##### GIVEN DATA
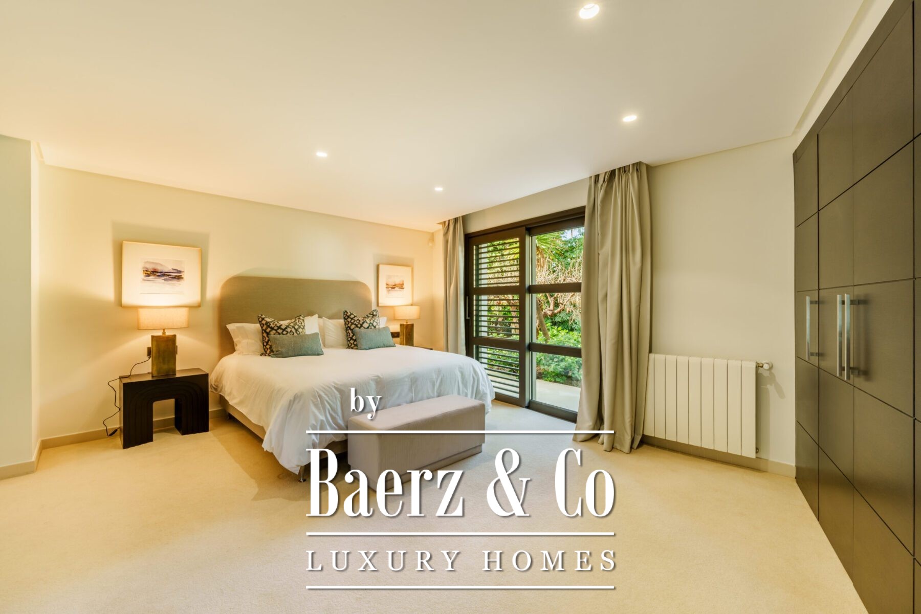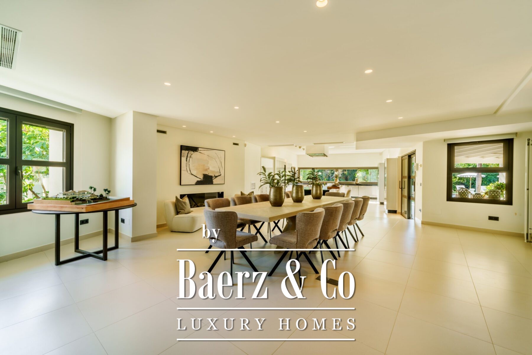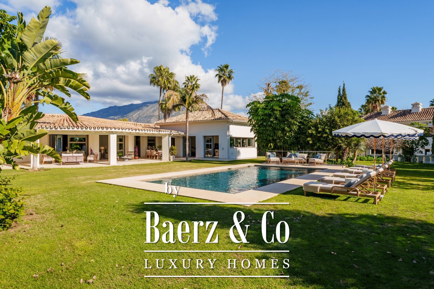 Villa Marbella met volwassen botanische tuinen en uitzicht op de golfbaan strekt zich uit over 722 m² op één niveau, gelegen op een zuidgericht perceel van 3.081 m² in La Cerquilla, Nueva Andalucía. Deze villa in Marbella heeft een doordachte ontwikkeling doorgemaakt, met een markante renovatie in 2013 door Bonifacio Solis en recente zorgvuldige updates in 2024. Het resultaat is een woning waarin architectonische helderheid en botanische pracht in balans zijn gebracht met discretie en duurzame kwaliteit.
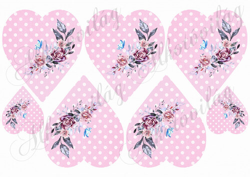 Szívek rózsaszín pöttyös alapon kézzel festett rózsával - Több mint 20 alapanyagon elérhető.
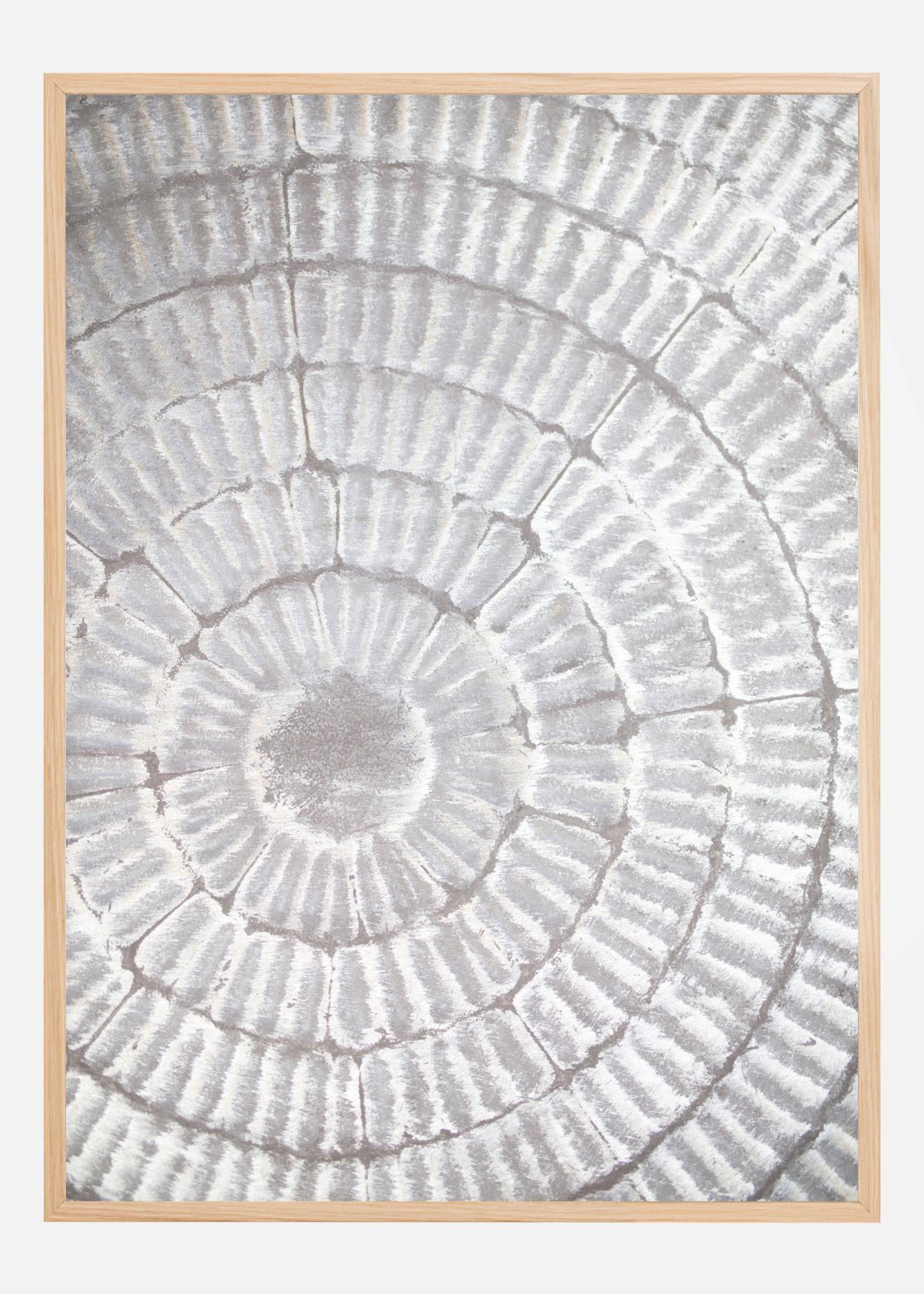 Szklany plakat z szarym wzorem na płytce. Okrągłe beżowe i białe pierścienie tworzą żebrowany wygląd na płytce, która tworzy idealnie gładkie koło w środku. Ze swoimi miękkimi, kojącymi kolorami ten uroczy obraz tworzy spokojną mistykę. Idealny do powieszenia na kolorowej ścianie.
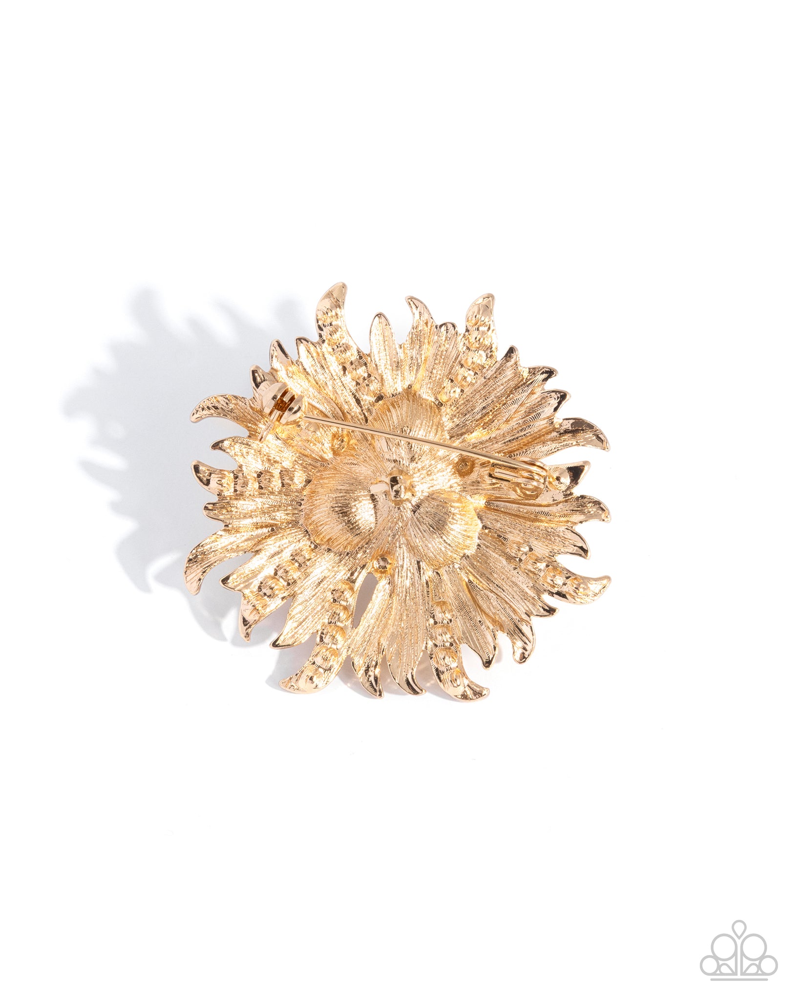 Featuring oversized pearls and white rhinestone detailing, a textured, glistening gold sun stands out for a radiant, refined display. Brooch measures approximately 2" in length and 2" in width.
##########
Exclude the pictures. Write out the remaining data exactly.

=== ANSWER BELOW ===
 Villa Marbella met volwassen botanische tuinen en uitzicht op de golfbaan strekt zich uit over 722 m² op één niveau, gelegen op een zuidgericht perceel van 3.081 m² in La Cerquilla, Nueva Andalucía. Deze villa in Marbella heeft een doordachte ontwikkeling doorgemaakt, met een markante renovatie in 2013 door Bonifacio Solis en recente zorgvuldige updates in 2024. Het resultaat is een woning waarin architectonische helderheid en botanische pracht in balans zijn gebracht met discretie en duurzame kwaliteit.
 Szívek rózsaszín pöttyös alapon kézzel festett rózsával - Több mint 20 alapanyagon elérhető.
 Szklany plakat z szarym wzorem na płytce. Okrągłe beżowe i białe pierścienie tworzą żebrowany wygląd na płytce, która tworzy idealnie gładkie koło w środku. Ze swoimi miękkimi, kojącymi kolorami ten uroczy obraz tworzy spokojną mistykę. Idealny do powieszenia na kolorowej ścianie.
 Featuring oversized pearls and white rhinestone detailing, a textured, glistening gold sun stands out for a radiant, refined display. Brooch measures approximately 2" in length and 2" in width.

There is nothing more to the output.